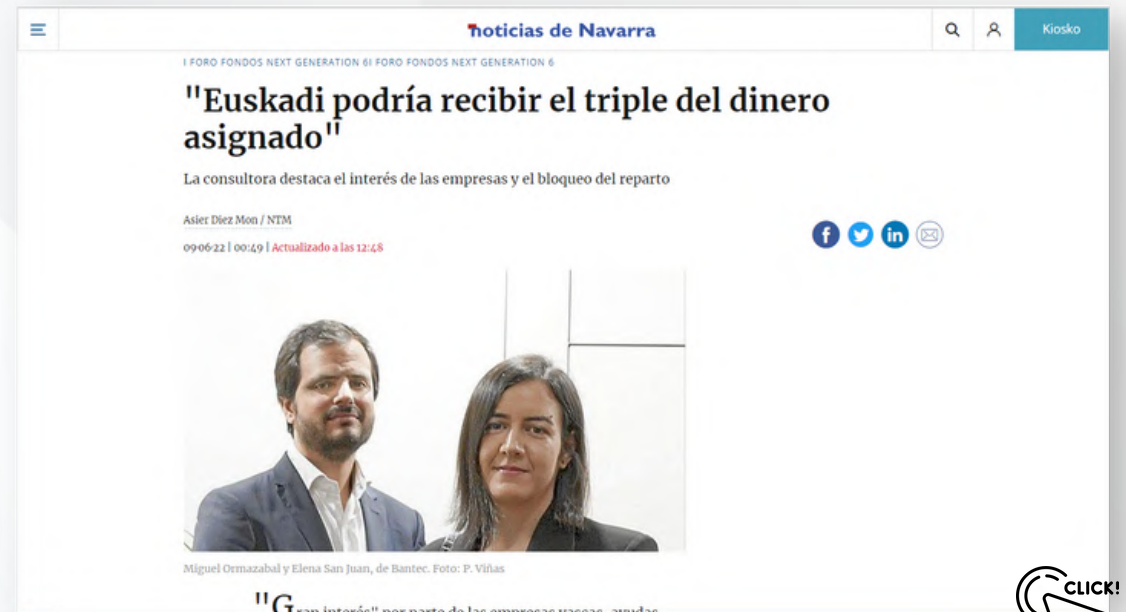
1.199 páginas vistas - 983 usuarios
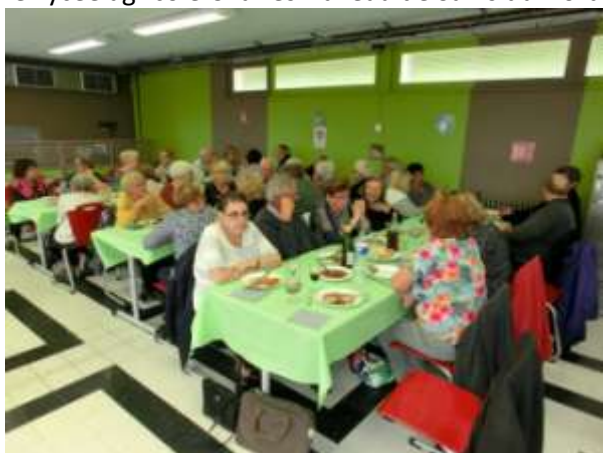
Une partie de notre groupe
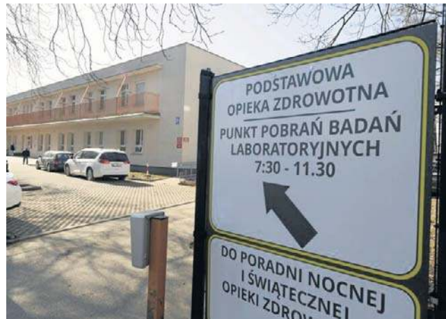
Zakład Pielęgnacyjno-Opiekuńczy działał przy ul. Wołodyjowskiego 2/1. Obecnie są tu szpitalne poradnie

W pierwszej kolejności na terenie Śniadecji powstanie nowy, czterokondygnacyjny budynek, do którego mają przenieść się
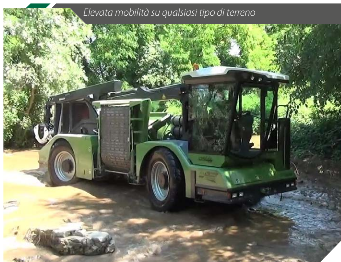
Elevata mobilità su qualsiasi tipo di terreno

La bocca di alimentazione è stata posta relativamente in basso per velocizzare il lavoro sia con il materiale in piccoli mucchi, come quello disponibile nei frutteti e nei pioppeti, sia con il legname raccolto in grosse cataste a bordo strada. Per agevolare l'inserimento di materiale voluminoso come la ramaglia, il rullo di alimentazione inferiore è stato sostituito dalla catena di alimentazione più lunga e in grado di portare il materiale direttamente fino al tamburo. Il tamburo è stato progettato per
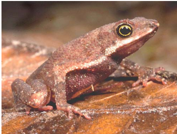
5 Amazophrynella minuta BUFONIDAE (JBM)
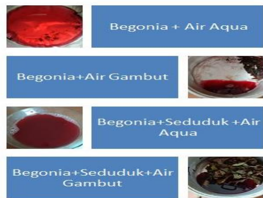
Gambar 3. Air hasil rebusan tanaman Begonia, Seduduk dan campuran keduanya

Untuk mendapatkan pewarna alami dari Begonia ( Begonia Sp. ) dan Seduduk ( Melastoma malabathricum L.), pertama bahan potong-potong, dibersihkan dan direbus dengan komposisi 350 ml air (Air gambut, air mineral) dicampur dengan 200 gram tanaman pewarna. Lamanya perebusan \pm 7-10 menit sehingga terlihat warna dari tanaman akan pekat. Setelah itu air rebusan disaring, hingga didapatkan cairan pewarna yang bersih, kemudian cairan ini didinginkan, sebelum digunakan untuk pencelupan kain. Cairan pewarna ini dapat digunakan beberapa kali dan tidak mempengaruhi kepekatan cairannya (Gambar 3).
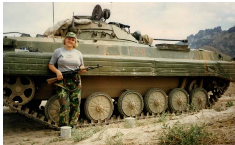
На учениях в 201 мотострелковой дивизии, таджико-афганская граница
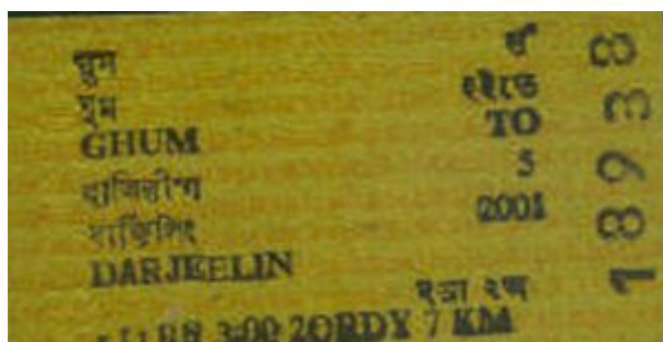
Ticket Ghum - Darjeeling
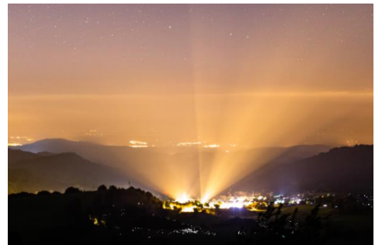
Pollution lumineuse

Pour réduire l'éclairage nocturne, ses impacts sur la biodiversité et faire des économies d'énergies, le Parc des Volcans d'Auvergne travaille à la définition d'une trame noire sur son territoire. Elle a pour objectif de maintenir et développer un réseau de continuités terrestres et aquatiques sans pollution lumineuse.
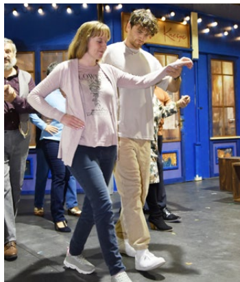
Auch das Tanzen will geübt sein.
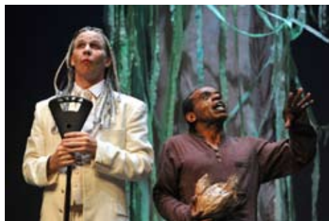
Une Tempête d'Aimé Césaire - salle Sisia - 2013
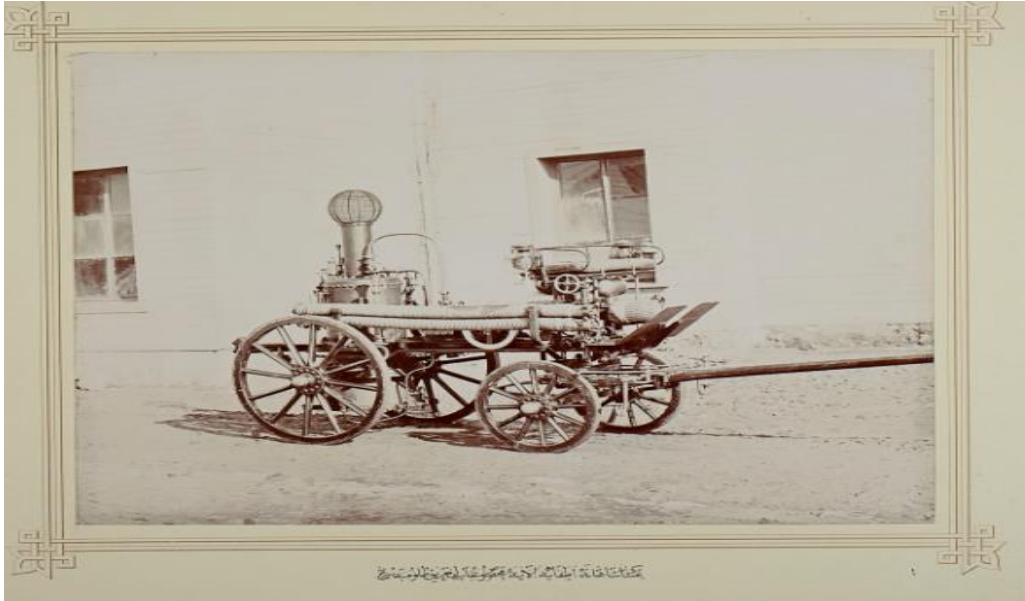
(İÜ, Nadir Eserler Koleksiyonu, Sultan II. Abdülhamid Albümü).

---------------

Of the records above, print only the lines from the one containing "Elevata mobilità su qualsiasi tipo di terreno" through the one containing "Gambar 3. Air", inclusive and unaltered, leaving out pictures.

» Answer to the problem
Elevata mobilità su qualsiasi tipo di terreno

La bocca di alimentazione è stata posta relativamente in basso per velocizzare il lavoro sia con il materiale in piccoli mucchi, come quello disponibile nei frutteti e nei pioppeti, sia con il legname raccolto in grosse cataste a bordo strada. Per agevolare l'inserimento di materiale voluminoso come la ramaglia, il rullo di alimentazione inferiore è stato sostituito dalla catena di alimentazione più lunga e in grado di portare il materiale direttamente fino al tamburo. Il tamburo è stato progettato per
5 Amazophrynella minuta BUFONIDAE (JBM)
Gambar 3. Air hasil rebusan tanaman Begonia, Seduduk dan campuran keduanya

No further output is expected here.